Please reproduce, exactly as given, the lines running from the start of the data to the line containing "Este disfraz de", inclusive, and omit the pictures.

Extracted records
━━━━━━━━

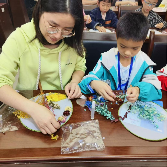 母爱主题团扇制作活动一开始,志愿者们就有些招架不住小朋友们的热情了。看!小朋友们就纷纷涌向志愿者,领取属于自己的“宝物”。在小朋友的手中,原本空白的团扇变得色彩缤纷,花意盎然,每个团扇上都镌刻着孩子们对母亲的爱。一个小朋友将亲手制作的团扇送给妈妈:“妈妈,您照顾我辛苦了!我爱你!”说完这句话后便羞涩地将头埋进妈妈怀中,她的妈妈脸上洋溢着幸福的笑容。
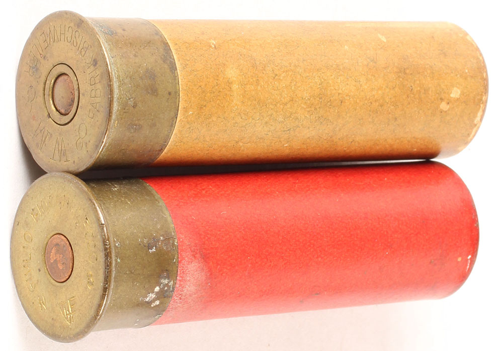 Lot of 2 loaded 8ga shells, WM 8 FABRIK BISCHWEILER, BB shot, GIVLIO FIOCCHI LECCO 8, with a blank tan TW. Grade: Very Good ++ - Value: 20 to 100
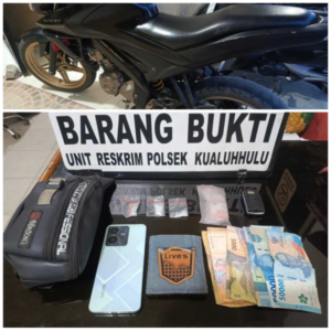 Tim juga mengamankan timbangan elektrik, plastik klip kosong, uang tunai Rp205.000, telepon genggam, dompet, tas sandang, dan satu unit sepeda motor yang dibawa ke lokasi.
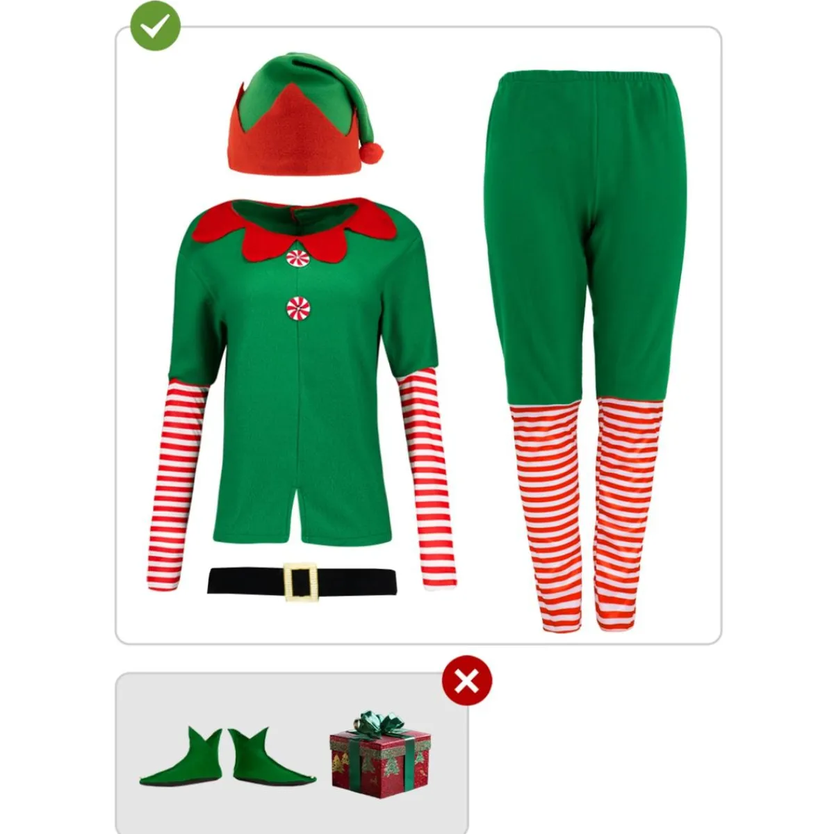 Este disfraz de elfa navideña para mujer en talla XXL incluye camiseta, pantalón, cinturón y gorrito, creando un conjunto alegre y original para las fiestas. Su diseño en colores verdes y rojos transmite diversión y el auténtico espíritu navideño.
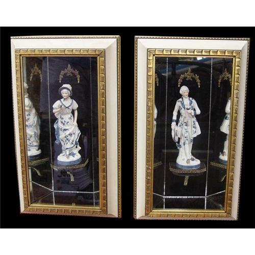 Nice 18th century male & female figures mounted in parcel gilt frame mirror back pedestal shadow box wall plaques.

━━━━━━━━

→ **Completed exercise**:
 母爱主题团扇制作活动一开始,志愿者们就有些招架不住小朋友们的热情了。看!小朋友们就纷纷涌向志愿者,领取属于自己的“宝物”。在小朋友的手中,原本空白的团扇变得色彩缤纷,花意盎然,每个团扇上都镌刻着孩子们对母亲的爱。一个小朋友将亲手制作的团扇送给妈妈:“妈妈,您照顾我辛苦了!我爱你!”说完这句话后便羞涩地将头埋进妈妈怀中,她的妈妈脸上洋溢着幸福的笑容。
 Lot of 2 loaded 8ga shells, WM 8 FABRIK BISCHWEILER, BB shot, GIVLIO FIOCCHI LECCO 8, with a blank tan TW. Grade: Very Good ++ - Value: 20 to 100
 Tim juga mengamankan timbangan elektrik, plastik klip kosong, uang tunai Rp205.000, telepon genggam, dompet, tas sandang, dan satu unit sepeda motor yang dibawa ke lokasi.
 Este disfraz de elfa navideña para mujer en talla XXL incluye camiseta, pantalón, cinturón y gorrito, creando un conjunto alegre y original para las fiestas. Su diseño en colores verdes y rojos transmite diversión y el auténtico espíritu navideño.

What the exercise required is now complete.